Enfin, que m'importe que l'espace soit un être réel, ou une simple appréhension de mon entendement ? Que m'importe que l'Être nécessaire, intelligent, puissant, éternel, formateur de tout être, soit dans cet espace imaginaire, ou n'y soit pas ? En suis-je moins son ouvrage ? en suis-je moins dépendant de lui ? en est-il moins mon maître ? Je vois ce maître du monde par les yeux de mon intelligence ; mais je ne le vois point au delà du monde.

On dispute encore si l'espace infini est un être réel ou non. Je ne veux point asseoir mon jugement sur un fondement aussi équivoque, sur une querelle digne des scolastiques ; je ne veux point établir le trône de Dieu dans les espaces imaginaires.

S'il est permis, encore une fois, de comparer les petites choses qui nous paraissent grandes, à ce qui est si grand en effet, imaginons un alguazil de Madrid qui veut persuader à un Castillan son voisin que le roi d'Espagne est le maître de la mer qui est au nord de la Californie, et que quiconque en doute est criminel de lèse-majesté. Le Castillan lui répond : « Je ne sais pas seulement s'il y a une mer au delà de la Californie. Peu m'importe qu'il y en ait une, pourvu que j'aie de quoi vivre à Madrid. Je n'ai pas besoin qu'on découvre cette mer pour être fidèle au roi mon maître sur les bords du Manzanarès. Qu'il ait, ou non, des vaisseaux au delà de la baie d'Hudson, il n'en a pas moins le pouvoir de me commander ici ; je sens ma dépendance de lui dans Madrid, parce que je sais qu'il est le maître de Madrid. »

Ainsi notre dépendance du grand Être ne vient point de ce qu'il est présent hors du monde, mais de ce qu'il est présent dans le monde. Je demande seulement pardon au Maître de la nature de l'avoir comparé à un chétif homme pour me mieux faire entendre.


V. — Que tous les ouvrages de l'Étre éternel sont éternels.

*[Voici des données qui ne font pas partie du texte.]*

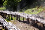 木の樋は合計で約200メートルの長さがあり、この間に自然 冷却されて加水することなく源泉本来の「湯の良さ」を 味わうことができます。 |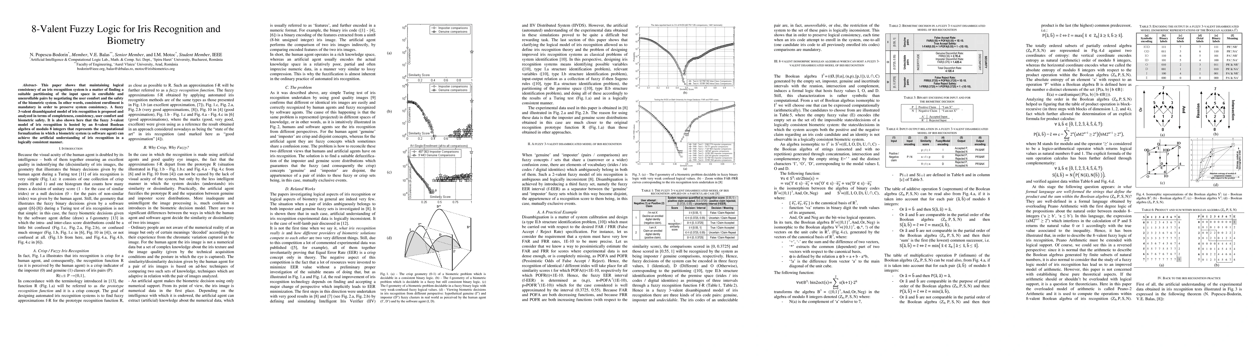 This paper proposes an 8-valent fuzzy logic model for iris recognition, emphasizing the importance of logical consistency through a suitable partitioning of the input space. The model aims to balance user comfort and biometric safety, achieving a consistent enrollment process within an 8-valued Boolean algebra framework.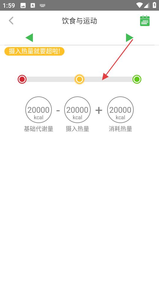 3、飲食與運動頁面,展示了基礎代謝量、攝入熱量和消耗熱量的信息,提示攝入熱量即將超標。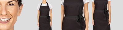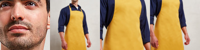 65% polyester/35% cotton. Self fabric neckband (in transition). Self fabric ties. Reinforced straps. Width 71cm. Length 91cm. Domestic wash 40°C.

Le principe de la nature étant nécessaire et éternel, et son essence étant d'agir, il a donc agi toujours : car, encore une fois, s'il n'avait pas été toujours le Dieu agissant, il aurait été toujours le Dieu indolent, le Dieu d'Épicure, le Dieu qui n'est bon à rien. Cette vérité me paraît démontrée en toute rigueur.